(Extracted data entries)
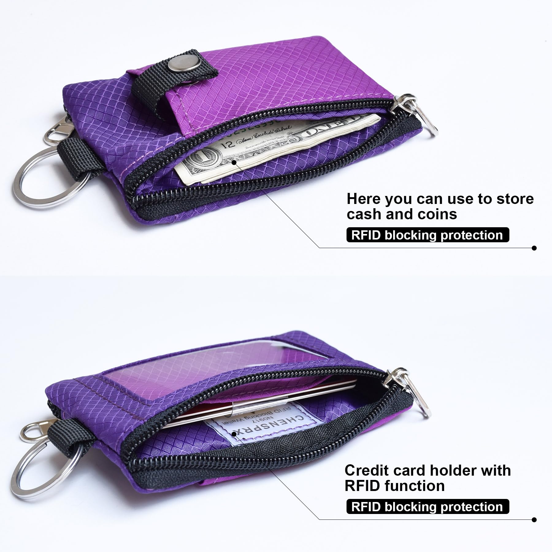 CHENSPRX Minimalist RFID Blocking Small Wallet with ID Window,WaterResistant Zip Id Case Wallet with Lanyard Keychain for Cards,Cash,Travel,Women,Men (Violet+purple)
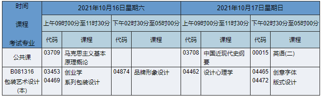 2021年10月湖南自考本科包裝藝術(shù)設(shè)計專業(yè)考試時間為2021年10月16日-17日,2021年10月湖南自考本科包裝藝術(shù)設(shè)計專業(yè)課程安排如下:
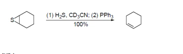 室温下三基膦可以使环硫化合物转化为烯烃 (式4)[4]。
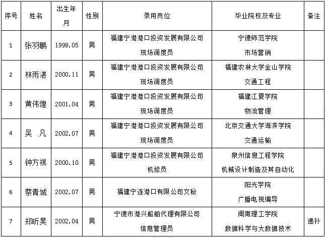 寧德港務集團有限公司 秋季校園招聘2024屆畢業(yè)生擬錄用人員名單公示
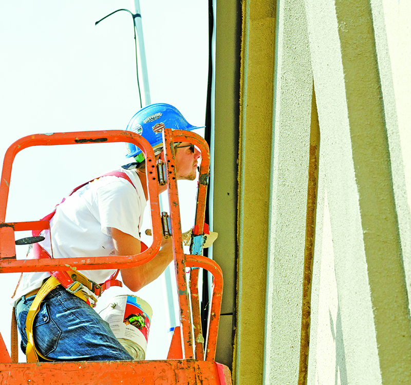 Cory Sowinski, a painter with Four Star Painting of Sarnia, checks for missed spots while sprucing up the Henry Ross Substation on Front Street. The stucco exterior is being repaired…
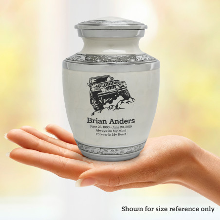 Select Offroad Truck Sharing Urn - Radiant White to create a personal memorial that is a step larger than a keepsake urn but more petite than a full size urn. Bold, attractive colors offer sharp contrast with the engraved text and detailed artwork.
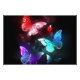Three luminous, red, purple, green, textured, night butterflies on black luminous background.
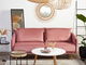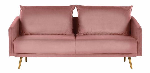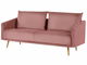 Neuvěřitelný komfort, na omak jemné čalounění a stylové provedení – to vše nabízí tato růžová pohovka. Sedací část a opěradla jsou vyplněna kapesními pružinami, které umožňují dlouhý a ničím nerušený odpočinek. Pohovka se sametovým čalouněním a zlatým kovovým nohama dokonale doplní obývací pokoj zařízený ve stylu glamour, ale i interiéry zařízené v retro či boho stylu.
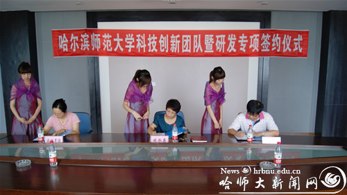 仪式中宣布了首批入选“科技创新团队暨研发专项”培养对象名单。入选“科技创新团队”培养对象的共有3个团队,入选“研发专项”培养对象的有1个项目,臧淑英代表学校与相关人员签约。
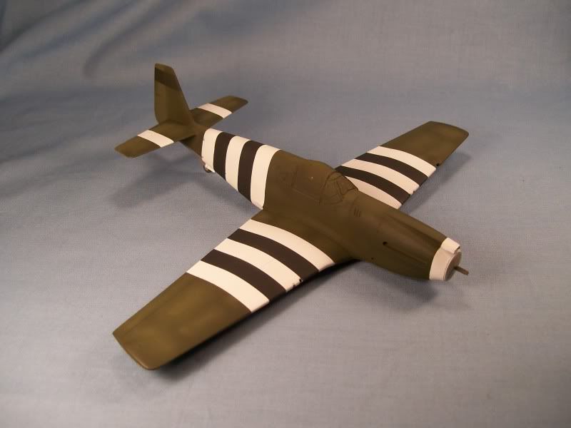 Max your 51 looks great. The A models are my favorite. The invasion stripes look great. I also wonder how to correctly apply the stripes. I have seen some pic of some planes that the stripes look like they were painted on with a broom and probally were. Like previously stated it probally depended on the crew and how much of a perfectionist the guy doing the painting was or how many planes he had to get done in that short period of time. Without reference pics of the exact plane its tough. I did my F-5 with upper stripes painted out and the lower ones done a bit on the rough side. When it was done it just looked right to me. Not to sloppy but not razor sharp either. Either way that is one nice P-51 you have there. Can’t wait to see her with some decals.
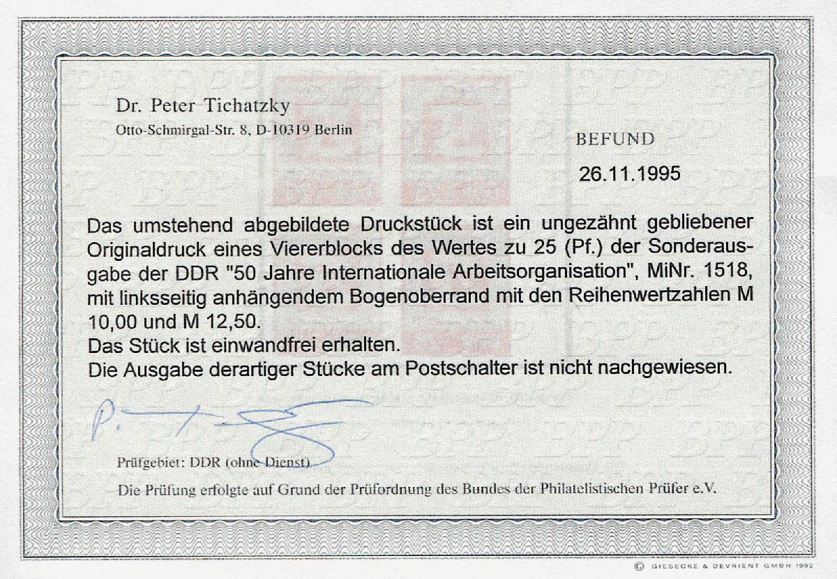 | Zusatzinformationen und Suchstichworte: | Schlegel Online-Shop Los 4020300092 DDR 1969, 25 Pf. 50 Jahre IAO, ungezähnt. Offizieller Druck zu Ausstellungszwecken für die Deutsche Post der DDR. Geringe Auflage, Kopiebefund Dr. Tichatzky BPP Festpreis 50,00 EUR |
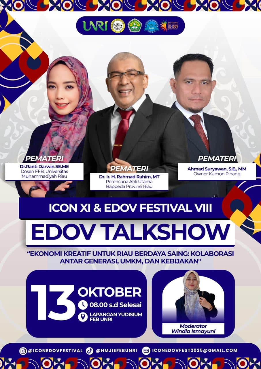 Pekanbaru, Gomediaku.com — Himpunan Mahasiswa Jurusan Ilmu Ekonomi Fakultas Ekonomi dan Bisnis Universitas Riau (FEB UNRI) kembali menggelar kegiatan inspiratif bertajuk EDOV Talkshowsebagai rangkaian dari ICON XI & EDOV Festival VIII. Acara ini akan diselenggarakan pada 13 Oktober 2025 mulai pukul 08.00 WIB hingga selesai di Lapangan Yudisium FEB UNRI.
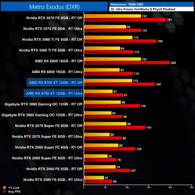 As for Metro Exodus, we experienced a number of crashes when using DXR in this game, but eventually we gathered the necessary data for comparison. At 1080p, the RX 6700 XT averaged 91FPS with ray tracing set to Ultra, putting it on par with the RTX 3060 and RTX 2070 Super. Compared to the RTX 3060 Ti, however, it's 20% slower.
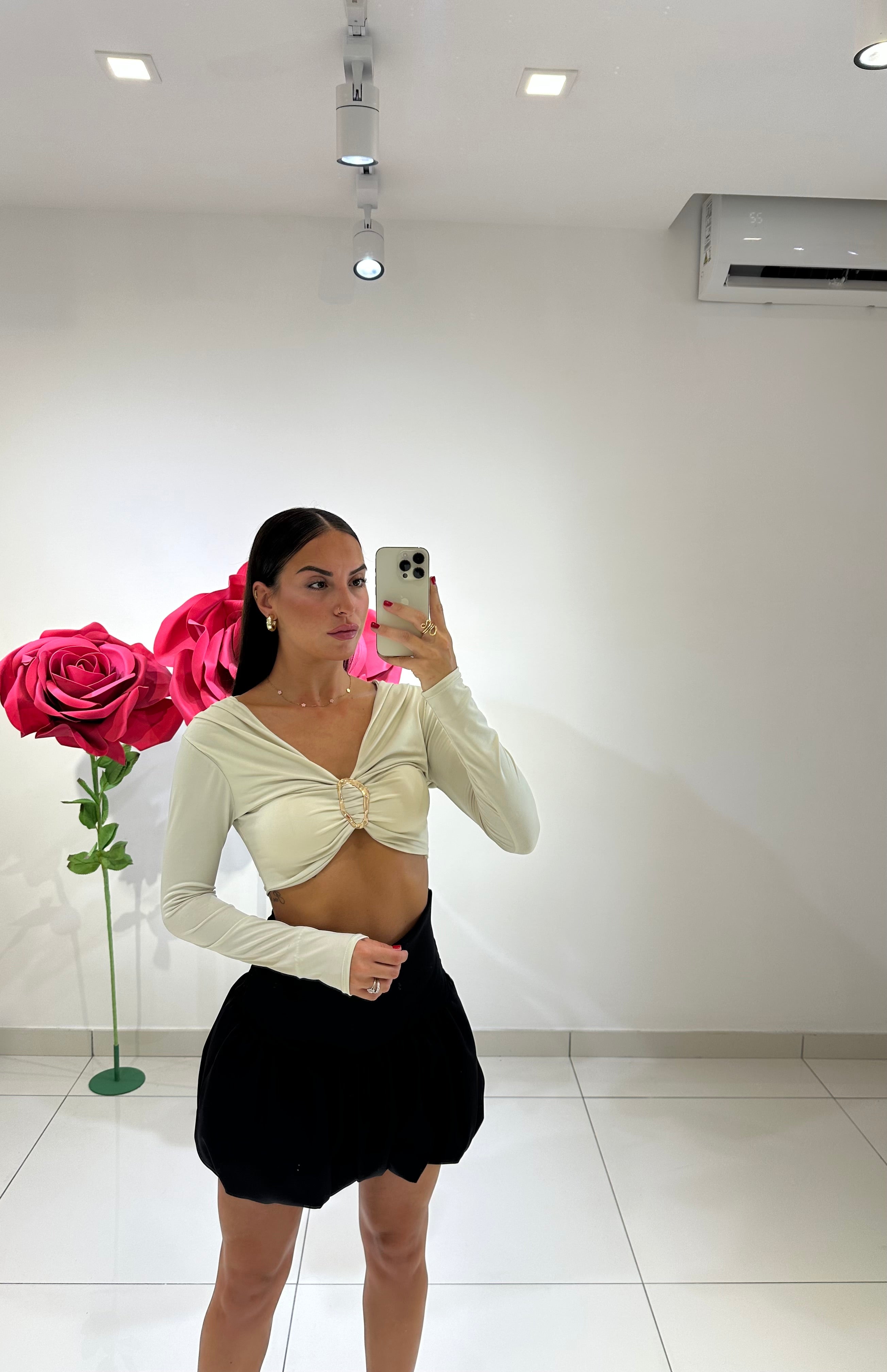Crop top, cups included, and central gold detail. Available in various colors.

→ Task requirements
In the answer, include exactly the lines from the one containing "Pekanbaru, Gomediaku.com —" through the end of the records above and no pictures at all.

→ Solution to the exercise
 Pekanbaru, Gomediaku.com — Himpunan Mahasiswa Jurusan Ilmu Ekonomi Fakultas Ekonomi dan Bisnis Universitas Riau (FEB UNRI) kembali menggelar kegiatan inspiratif bertajuk EDOV Talkshowsebagai rangkaian dari ICON XI & EDOV Festival VIII. Acara ini akan diselenggarakan pada 13 Oktober 2025 mulai pukul 08.00 WIB hingga selesai di Lapangan Yudisium FEB UNRI.
 As for Metro Exodus, we experienced a number of crashes when using DXR in this game, but eventually we gathered the necessary data for comparison. At 1080p, the RX 6700 XT averaged 91FPS with ray tracing set to Ultra, putting it on par with the RTX 3060 and RTX 2070 Super. Compared to the RTX 3060 Ti, however, it's 20% slower.
Crop top, cups included, and central gold detail. Available in various colors.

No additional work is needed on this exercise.